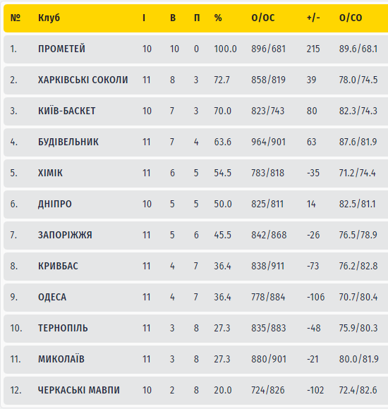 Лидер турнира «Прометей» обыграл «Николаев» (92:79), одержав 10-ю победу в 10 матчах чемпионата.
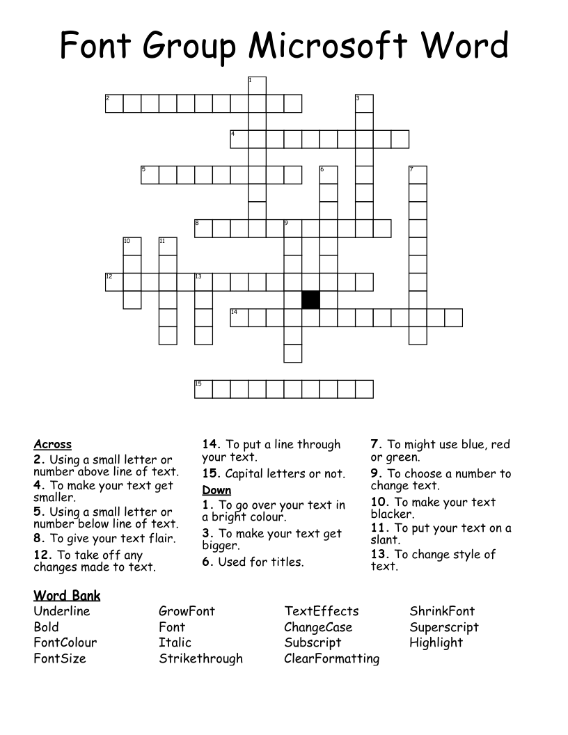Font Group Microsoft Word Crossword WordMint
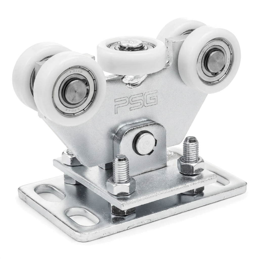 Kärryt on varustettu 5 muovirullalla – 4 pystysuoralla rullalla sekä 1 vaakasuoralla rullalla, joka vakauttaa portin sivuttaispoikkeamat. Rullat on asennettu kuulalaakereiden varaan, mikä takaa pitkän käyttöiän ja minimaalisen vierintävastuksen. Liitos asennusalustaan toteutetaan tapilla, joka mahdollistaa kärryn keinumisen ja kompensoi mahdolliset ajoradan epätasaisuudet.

--

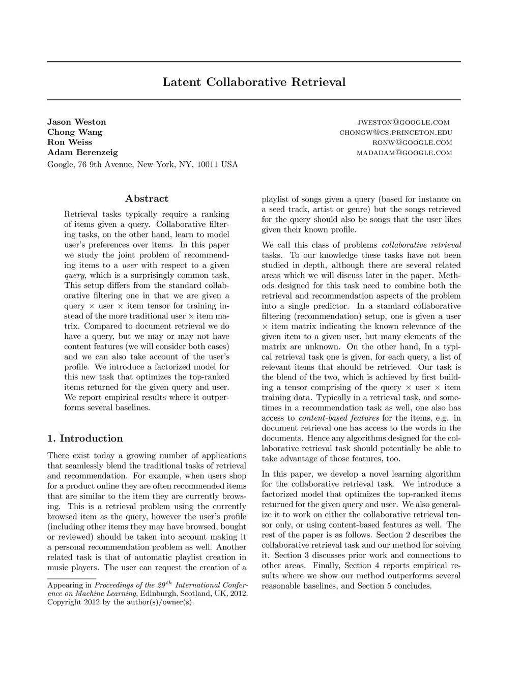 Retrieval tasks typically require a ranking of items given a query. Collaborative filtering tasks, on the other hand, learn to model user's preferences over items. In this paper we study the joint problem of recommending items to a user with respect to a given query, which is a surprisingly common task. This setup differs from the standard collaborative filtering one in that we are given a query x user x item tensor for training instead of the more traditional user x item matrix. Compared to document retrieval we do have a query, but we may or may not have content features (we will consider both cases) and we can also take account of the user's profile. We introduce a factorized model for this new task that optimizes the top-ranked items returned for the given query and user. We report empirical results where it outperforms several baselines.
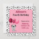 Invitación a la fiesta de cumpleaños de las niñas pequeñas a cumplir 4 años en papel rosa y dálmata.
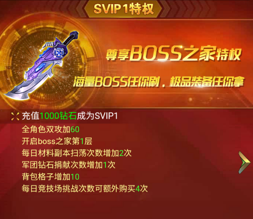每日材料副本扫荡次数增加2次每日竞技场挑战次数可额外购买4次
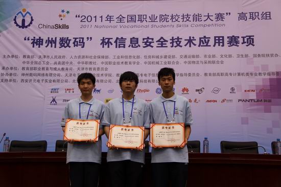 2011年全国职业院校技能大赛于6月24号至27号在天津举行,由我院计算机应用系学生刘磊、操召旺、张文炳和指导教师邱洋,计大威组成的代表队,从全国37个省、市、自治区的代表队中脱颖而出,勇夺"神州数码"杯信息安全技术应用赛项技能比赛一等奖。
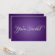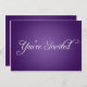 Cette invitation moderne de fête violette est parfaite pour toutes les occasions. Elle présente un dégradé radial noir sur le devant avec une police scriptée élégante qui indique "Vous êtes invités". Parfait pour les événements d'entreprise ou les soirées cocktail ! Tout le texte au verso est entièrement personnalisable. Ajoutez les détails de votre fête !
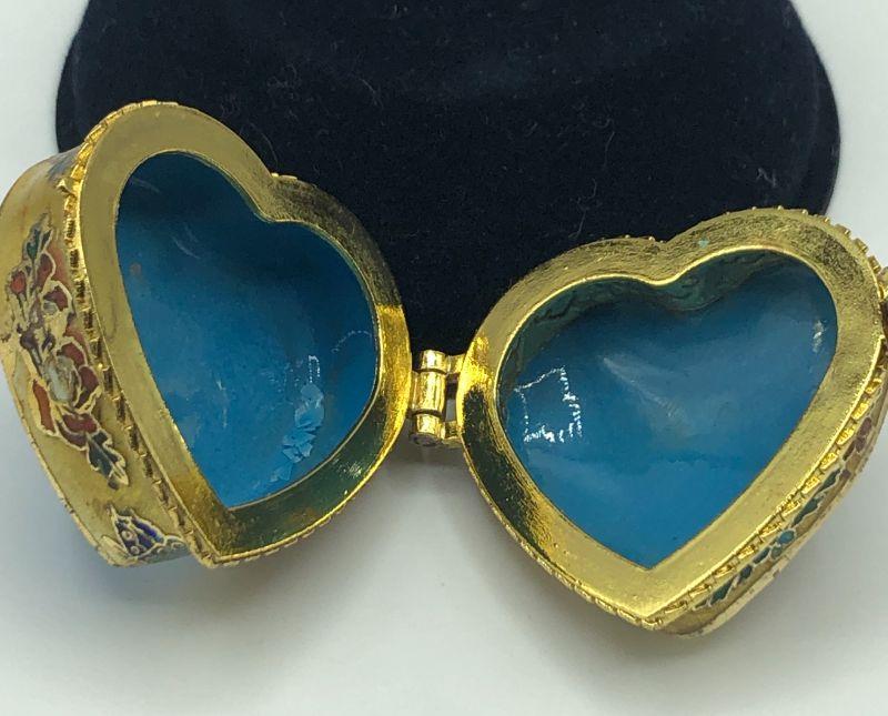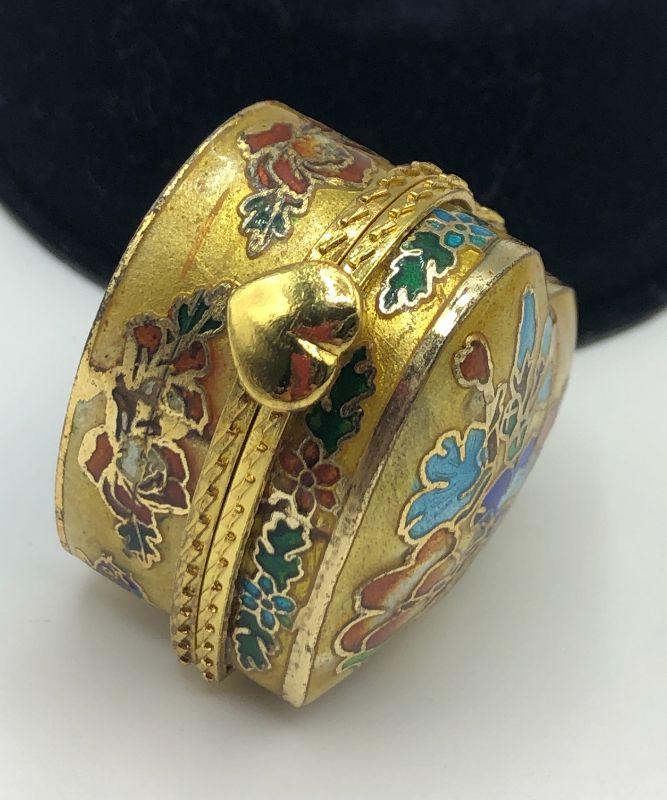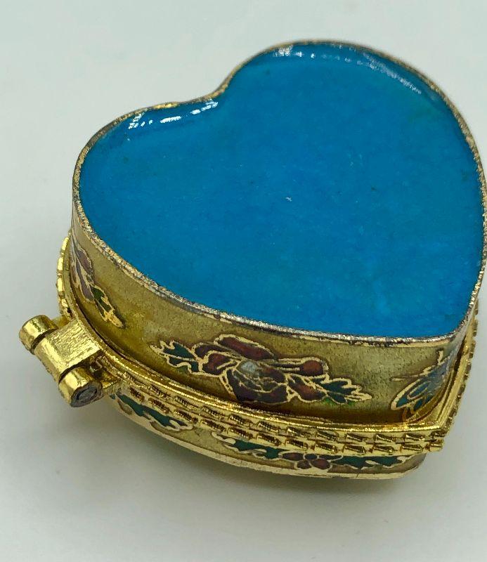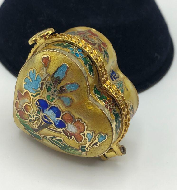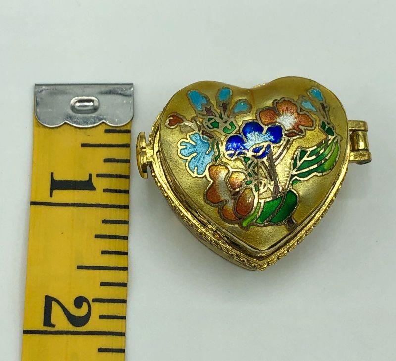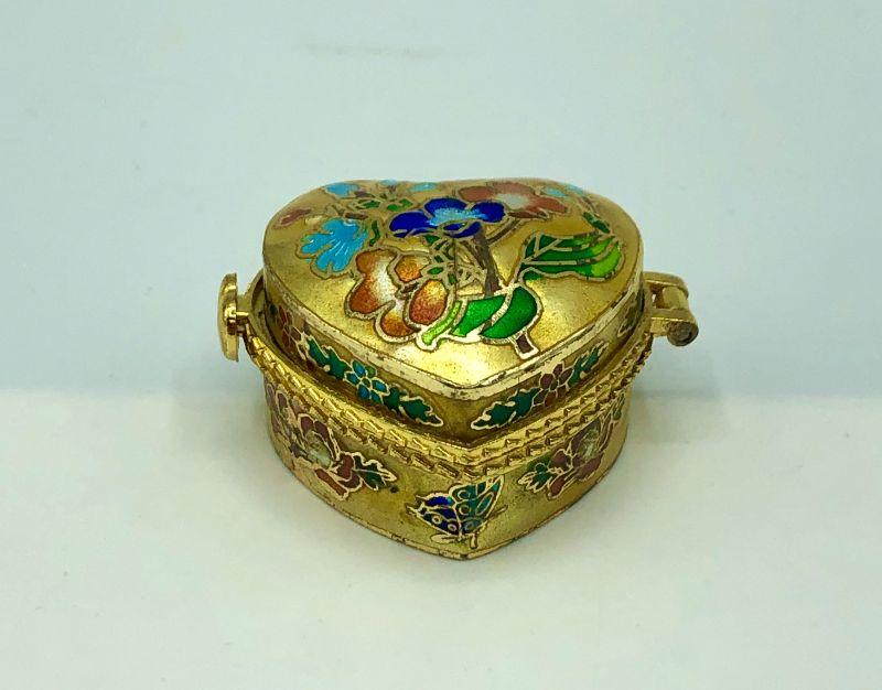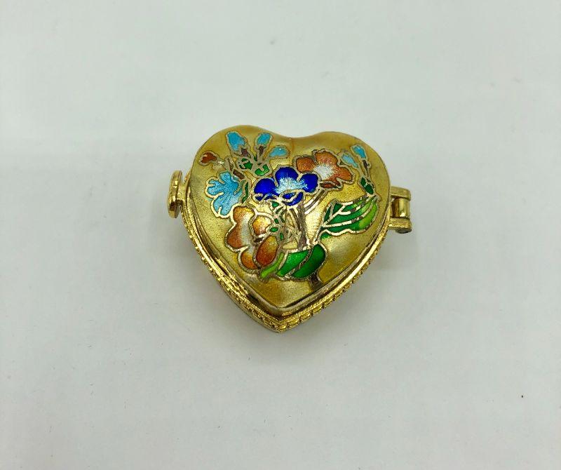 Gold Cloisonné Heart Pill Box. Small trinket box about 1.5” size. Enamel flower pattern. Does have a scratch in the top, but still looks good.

* * *

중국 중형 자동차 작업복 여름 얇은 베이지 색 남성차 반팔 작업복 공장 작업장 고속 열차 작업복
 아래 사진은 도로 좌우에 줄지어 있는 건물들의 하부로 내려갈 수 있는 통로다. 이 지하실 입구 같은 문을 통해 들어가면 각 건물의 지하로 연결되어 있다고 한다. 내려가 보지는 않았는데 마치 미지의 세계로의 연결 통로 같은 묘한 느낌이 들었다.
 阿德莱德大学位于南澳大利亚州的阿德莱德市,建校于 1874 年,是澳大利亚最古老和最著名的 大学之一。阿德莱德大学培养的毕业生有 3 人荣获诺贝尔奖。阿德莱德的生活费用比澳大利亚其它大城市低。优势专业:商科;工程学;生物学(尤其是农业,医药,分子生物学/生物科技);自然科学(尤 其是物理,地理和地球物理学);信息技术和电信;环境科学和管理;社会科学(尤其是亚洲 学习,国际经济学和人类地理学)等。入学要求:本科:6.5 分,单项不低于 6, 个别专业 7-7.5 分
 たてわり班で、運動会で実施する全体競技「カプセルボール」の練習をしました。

Task statement:
From the line with "每日材料副本扫荡次数增加2次每日竞技场挑战次数可额外购买4次" up to and including the line with "Gold Cloisonné Heart" above, retype every line exactly and nothing more; leave out the pictures.

Exercise solution:
每日材料副本扫荡次数增加2次每日竞技场挑战次数可额外购买4次
 2011年全国职业院校技能大赛于6月24号至27号在天津举行,由我院计算机应用系学生刘磊、操召旺、张文炳和指导教师邱洋,计大威组成的代表队,从全国37个省、市、自治区的代表队中脱颖而出,勇夺"神州数码"杯信息安全技术应用赛项技能比赛一等奖。
 Cette invitation moderne de fête violette est parfaite pour toutes les occasions. Elle présente un dégradé radial noir sur le devant avec une police scriptée élégante qui indique "Vous êtes invités". Parfait pour les événements d'entreprise ou les soirées cocktail ! Tout le texte au verso est entièrement personnalisable. Ajoutez les détails de votre fête !
 Gold Cloisonné Heart Pill Box. Small trinket box about 1.5” size. Enamel flower pattern. Does have a scratch in the top, but still looks good.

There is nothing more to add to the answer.